Pilots hail 'historic flight'

First Israeli commercial flights enter Omani airspace, shortening trips to Far East

El Al planes cross Gulf sultanate’s territory en route to Thailand, days after country opened up for overflights from all countries, shaving some 2.5 hours off flight time

An illustrative photo of an El Al flight taking off from Ben Gurion International Airport, outside Tel Aviv, October 25, 2021. (Yossi Aloni/Flash90)
An illustrative photo of an El Al flight taking off from Ben Gurion International Airport, outside Tel Aviv, October 25, 2021. (Yossi Aloni/Flash90)

An El Al flight from Tel Aviv to Bangkok on Sunday night became the first Israeli airliner to cross over Oman’s airspace, three days after the Gulf sultanate made the long-awaited decision to allow overflights for aircraft from all countries, including the Jewish state.

The journey to the Thai capital, which usually took Israeli planes at least 10.5 hours, lasted just seven hours and 49 minutes, shortening the flight by some 2.5 hours, according to Israel’s national carrier.

It was followed two hours later by another El Al plane to Bangkok, with that journey taking eight hours and two minutes, according to a flight tracker website.

The same website showed two more flights planned for Monday night set to take the same route, while other flights were still expected to take the longer journey around the Arabian Peninsula.

In a video from the cockpit, the pilots of the first flight hailed the “historic flight” shortly before takeoff.

“We will fly over the Arabian Peninsula, over Oman, the Israeli flag will fly over Oman for the first time,” one of the pilots said. “Our flight will become shorter by two and a half hours, which is very significant. We are launching the fast line to Bangkok and to the Far East in general.

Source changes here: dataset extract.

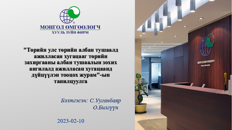 "ТӨРИЙН УЛС ТӨРИЙН АЛБАН ТУШААЛД АЖИЛЛАСАН ХУГАЦААГ ТӨРИЙН ЗАХИРГААНЫ АЛБАН ТУШААЛЫН ЗОХИХ АНГИЛАЛД АЖИЛЛАСАН ХУГАЦААНД ДҮЙЦҮҮЛЭН ТООЦОХ ЖУРАМ"-ЫН ТАНИЛЦУУЛГА from Umguullin Mongol Umguulugch [ ... ]

We are very happy and excited to be here.”

A flight tracker map of the El Al 83 flight from Tel Aviv to Bangkok on February 26, 2023, the first Israeli airliner to cross over Oman’s airspace. (Screenshot: flightaware.com; Used in accordance with Clause 27a of the Copyright Law)

The Gulf sultanate announced on Thursday that it would open its airspace to all carriers, allowing Israeli civilian flights to cross its airspace.

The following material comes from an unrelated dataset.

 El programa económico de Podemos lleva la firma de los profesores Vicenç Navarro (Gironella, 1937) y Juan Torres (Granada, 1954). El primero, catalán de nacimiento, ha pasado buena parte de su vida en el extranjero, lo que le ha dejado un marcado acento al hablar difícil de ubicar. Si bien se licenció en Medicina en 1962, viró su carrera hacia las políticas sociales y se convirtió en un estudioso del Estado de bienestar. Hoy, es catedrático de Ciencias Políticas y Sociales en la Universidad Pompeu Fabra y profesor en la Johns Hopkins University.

“As part of the Sultanate of Oman’s continuous efforts to fulfill its obligations under the Chicago Convention of 1944, the Civil Aviation Authority affirms that the Sultanate’s airspace is open for all carriers that meet the requirements of the Authority for overflyuing [sic],” tweeted Oman’s CAA, not mentioning Israel by name.

Prime Minister Benjamin Netanyahu said in a video message that the development could turn Israel into “the central transfer point between Asia and Europe.”

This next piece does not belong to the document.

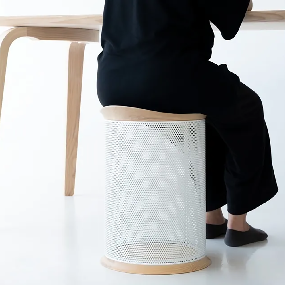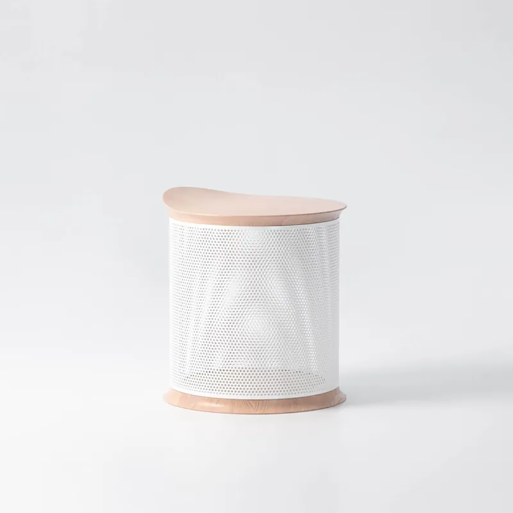 堅實結構、中空收納:凳几以金屬沖孔板環繞一周的堅實結構及中空的設計,創造了收納空間

Netanyahu added that work on opening Oman’s skies began with his 2018 visit to Oman.

Foreign Minister Eli Cohen called the move “a historic decision that will shorten the journey to Asia, lower costs for Israelis, and help Israeli companies be more competitive.”

He also thanked Oman’s ruler Haitham bin Tariq and the US government for their help in the months-long talks headed by Israel’s Foreign Ministry.

Last July, ahead of US President Joe Biden’s visit, Saudi Arabia opened its skies to all commercial flights.

The development could potentially reduce ticket prices as well, given that airlines would save money on fuel.

This image made from video shows Oman’s new sultan Haitham bin Tariq Al Said, taking part in a cannon-fire salute outside the Royal Family Council in Muscat, Oman, January 11, 2020. (Oman TV via AP)

Oman has long been floated as the next candidate to join the Abraham Accords. But late last year, its lower house of parliament voted to expand its Israel boycott law.

Assembly Vice-President Yaaqoub Al-Harethi explained that the amendment will “expand the criminalization and expand the boycott” of Israel, according to WAF news agency’s Twitter account.

Lazar Berman contributed to this report.